The findings, published last week in Nature Chemistry, could ultimately lead to a leap in quantum processing power.

“The idea is, instead of building a quantum computer, to let chemistry build it for us,” said Eric Hudson, UCLA’s David S. Saxon Presidential Professor of Physics and corresponding author of the study. “All of us are still learning the rules for this type of quantum technology, so this work is very sci-fi right now.”

The basic units of information in traditional computing are bits, which are each limited to one of only two values. In contrast, a group of quantum bits — or qubits — can have a vastly wider range of values, exponentially increasing a computer’s processing power. More than 1,000 normal bits are required to represent just 10 qubits, while 20 qubits require more than 1 million bits.

That characteristic, at the heart of quantum computing’s transformational potential, depends on the counterintuitive rules that apply when atoms interact. For instance, when two particles interact, they can become linked, or entangled, so that measuring the properties of one determines the properties of the other. Entangling qubits is a requirement of quantum computing.

However, this entanglement is fragile. When qubits encounter subtle variations in their environments, they lose their “quantumness,” which is needed to implement quantum algorithms. This limits the most powerful quantum computers to fewer than 100 qubits, and keeping these qubits in a quantum state requires large pieces of machinery.

To apply quantum computing practically, engineers must scale up that processing power. Hudson and his colleagues believe they have made a first step with the study, where theory guided the team to tailor-make molecules that protect quantum behavior.

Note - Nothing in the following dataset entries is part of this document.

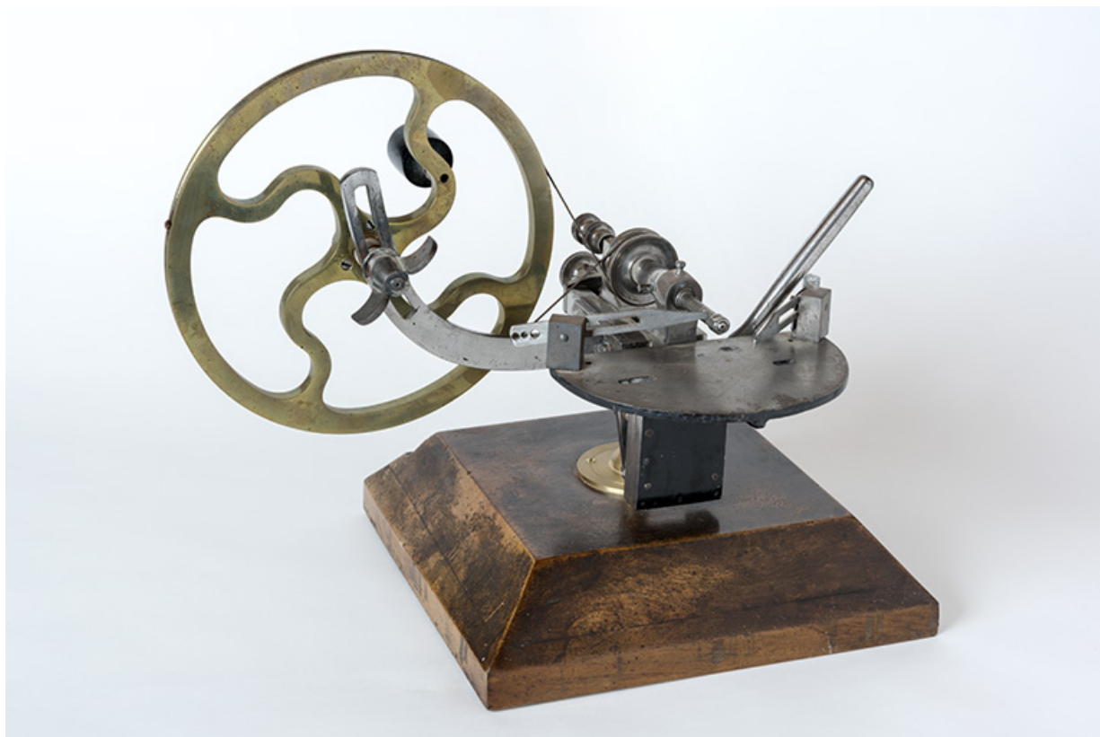
Machine à fraiser Baverel (1899). Réalisée dans la ferme et l'atelier de mécanique de précision de Francis Baverel, aux Pargots, au 13 rue des Vieux Pargots.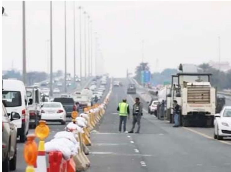
جانب من الاعمال في مشروع طريق الفحيحيل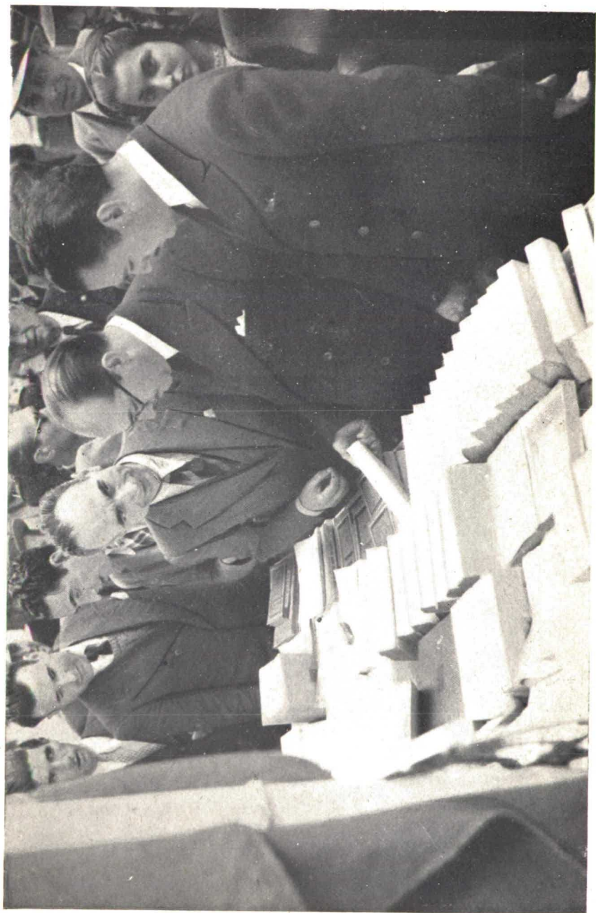
Sobre la mesa de uno de los puestos instalados, el día de la Fiesta del Libro, por el Consejo Superior de Investigaciones Científicas, se agrupan los ejemplares de la «Historia de las Ideas Estéticas», de Don Marcelino, que son examinados por el Ministro de Educación Nacional.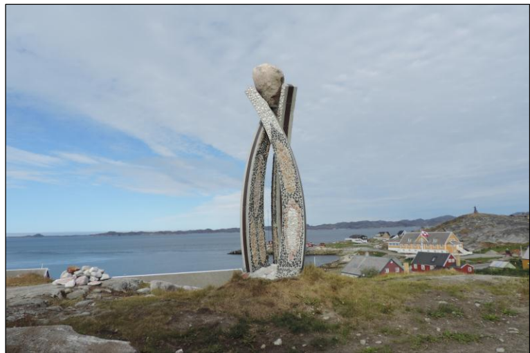
Inussuk eqqumiitsuliortumit Niels Motzfeldt-imit sananeqartoq Kalaallit Nunaata ataatsimooqatigiittuuneranut ilisarnaatitut inussuliaq

Qulaani allassimasut tassaapput ukiorpassuarni ingerlanneqartussamut namminiilivinnissamut sulinerup ingerlanneqarsinnaaneranut takorluuineq.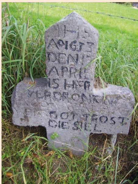
Historisch hardstenen kruis

Als sinds de verre oudheid wordt natuursteen gebruikt om bouwwerken en andere objecten een sierlijk aanzien te geven. Dat kan op allerlei manieren. Zo geven voetstukken, zuilen en kapitelen stijl aan een gevel. Ook een afwisseling van verschillende natuursteensoorten (en eventueel baksteen en pleisterwerk) kan de architectuur accentueren. Daarnaast kunnen uit natuursteen talloze ornamenten en zelfstandige objecten worden vervaardigd. Ook leent het materiaal zich voor het aanbrengen van reliëfs en teksten. Je komt deze onder meer tegen op grafzerken en gevelstenen (spreuken, jaartallen). In een aantal zeer oude natuurstenen wegkruisen zijn de naam van de overledene en de doodsoorzaak gebeiteld. Vanzelfsprekend moet je op zulke bijzondere objecten extra zuinig zijn.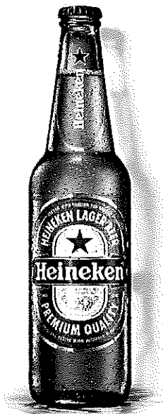
Heineken sticla 0.4l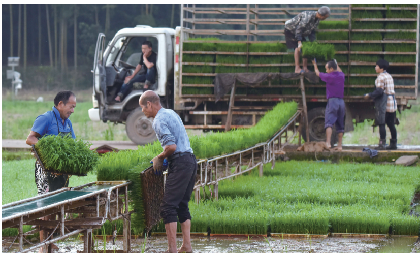
←6月7日，浙江省武义县王宅镇仁村育秧工厂为农户装车运送水稻秧苗。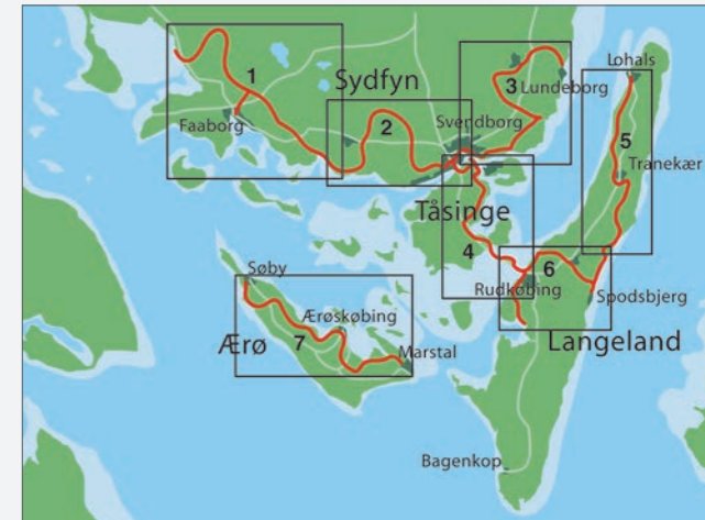
Oversigt over Øhavsstiens forløb med angivelse af de 7 folderkort, som udgives.

Layout: Bjørn Kjaer, Naturtisme mfl. Tryk: Ærø Ugeavis/Mark&Storm Grafisk. 2. udgave 2017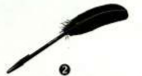
2 Kugelschreiber mit Gänsefeder, von Maison Margiela, um 55 Euro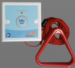
P209A Tirador aviso emergencia cuarto de baño

El sensor avisador para puerta permite detectar cuándo un paciente está intentando salir de su habitación. Una vez abierta la puerta, el sensor envía una señal al receptor del cuidador para que éste acuda.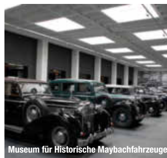
Museum für Historische Maybachfahrzeuge

Fränkische Dreiflüssestadt – so kennen die meisten Gemüden. Sinn und Fränkische Saale münden hier in den Main. Im Stadtteil Wernfeld fließt noch ein vierter Fluss – die Wern – in den Main, so dass auch von der Vierflüssestadt gesprochen wird. treffpunktdeutschland.de/gemuenden

The scientists developed small molecules that include calcium and oxygen atoms and act as qubits. These calcium-oxygen structures form what chemists call a functional group, meaning that it can be plugged into almost any other molecule while also conferring its own properties to that molecule.

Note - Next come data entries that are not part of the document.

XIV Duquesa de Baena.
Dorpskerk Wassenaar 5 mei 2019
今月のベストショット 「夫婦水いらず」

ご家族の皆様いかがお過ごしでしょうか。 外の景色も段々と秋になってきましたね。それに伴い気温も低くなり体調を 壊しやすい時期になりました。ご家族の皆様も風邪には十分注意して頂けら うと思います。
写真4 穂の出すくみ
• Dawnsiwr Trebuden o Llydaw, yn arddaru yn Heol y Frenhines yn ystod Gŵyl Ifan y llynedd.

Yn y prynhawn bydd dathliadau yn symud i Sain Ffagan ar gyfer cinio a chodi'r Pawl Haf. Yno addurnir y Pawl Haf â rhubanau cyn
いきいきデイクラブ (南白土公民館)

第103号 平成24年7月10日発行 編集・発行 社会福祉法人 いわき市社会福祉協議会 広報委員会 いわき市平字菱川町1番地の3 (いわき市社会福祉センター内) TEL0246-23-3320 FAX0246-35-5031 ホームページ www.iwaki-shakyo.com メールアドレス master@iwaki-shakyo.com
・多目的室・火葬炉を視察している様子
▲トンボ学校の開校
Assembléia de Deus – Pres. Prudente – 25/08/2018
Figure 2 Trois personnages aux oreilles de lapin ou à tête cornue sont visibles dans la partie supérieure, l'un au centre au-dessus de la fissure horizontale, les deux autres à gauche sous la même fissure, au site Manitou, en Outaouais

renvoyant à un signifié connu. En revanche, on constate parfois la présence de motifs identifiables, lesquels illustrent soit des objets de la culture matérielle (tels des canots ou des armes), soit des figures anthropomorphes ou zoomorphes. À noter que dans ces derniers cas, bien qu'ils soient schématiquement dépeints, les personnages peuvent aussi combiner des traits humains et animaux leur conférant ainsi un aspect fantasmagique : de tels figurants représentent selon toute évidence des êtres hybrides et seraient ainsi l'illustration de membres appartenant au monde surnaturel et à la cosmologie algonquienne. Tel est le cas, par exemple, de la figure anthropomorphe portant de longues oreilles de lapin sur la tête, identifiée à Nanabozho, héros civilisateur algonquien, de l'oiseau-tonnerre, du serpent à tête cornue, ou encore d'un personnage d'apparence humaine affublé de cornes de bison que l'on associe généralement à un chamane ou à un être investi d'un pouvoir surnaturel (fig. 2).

The team showed that their functional groups maintained their desired structure even when attached to much larger molecules. Their qubits can also stand up to laser cooling, a key requirement for quantum computing.

“If we can bond a quantum functional group to a surface or some long molecule, we might be able to control more qubits,” Hudson said. “It should also be cheaper to scale up, because an atom is one of the cheapest things in the universe. You can make as many as you want.”

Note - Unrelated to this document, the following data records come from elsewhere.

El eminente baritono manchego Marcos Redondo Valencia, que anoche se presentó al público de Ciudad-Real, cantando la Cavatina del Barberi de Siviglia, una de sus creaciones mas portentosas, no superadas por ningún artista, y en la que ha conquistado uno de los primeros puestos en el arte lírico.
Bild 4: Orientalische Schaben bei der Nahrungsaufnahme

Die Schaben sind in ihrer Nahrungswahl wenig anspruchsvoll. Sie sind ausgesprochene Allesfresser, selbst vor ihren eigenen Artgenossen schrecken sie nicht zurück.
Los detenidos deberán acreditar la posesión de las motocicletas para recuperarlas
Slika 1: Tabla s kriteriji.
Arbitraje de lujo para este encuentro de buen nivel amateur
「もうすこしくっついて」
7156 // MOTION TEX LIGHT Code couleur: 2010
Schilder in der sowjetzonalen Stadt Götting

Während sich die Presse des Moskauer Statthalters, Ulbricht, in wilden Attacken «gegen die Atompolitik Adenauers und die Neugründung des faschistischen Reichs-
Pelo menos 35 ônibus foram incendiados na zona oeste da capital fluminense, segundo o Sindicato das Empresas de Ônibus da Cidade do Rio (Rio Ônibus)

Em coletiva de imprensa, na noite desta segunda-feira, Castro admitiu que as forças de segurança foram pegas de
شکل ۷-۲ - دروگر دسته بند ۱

In addition to its potential for next-generation computing, the quantum functional group could be a boon for basic discovery in chemistry and the life sciences, for instance by helping scientists uncover more about the structure and function of various molecules and chemicals in the human body.

“Qubits can also be exquisitely sensitive tools for measurement,” said study co-author Justin Caram, a UCLA assistant professor of chemistry and biochemistry. “If we could protect them so they can survive in complex environments such as biological systems, we would be armed with so much new information about our world.”

Hudson said that the development of a chemically based quantum computer could realistically take decades and is not certain to succeed. Future steps include anchoring qubits to larger molecules, coaxing tethered qubits to interact as processors without unwanted signaling, and entangling them so that they work as a system.

The project was seeded by a Department of Energy grant that gave the physicists and chemists the chance to cut through discipline-specific jargon and speak in a common scientific language. Caram also credits UCLA’s atmosphere of easy collaboration.

“This is one of the most intellectually fulfilling projects I’ve ever worked on,” he said. “Eric and I first met having lunch at the Faculty Center. This was born out of fun conversations and being open to talking to new people.”

UCLA postdoctoral researcher Guo-Zhu Zhu is the study’s first author. Other UCLA co-authors are doctoral students Claire Dickerson and Guanming Lao and faculty members Anastassia Alexandrova and Wesley Campbell.

The study was also supported by the National Science Foundation, the Army Research Office and the Air Force Office of Scientific Research.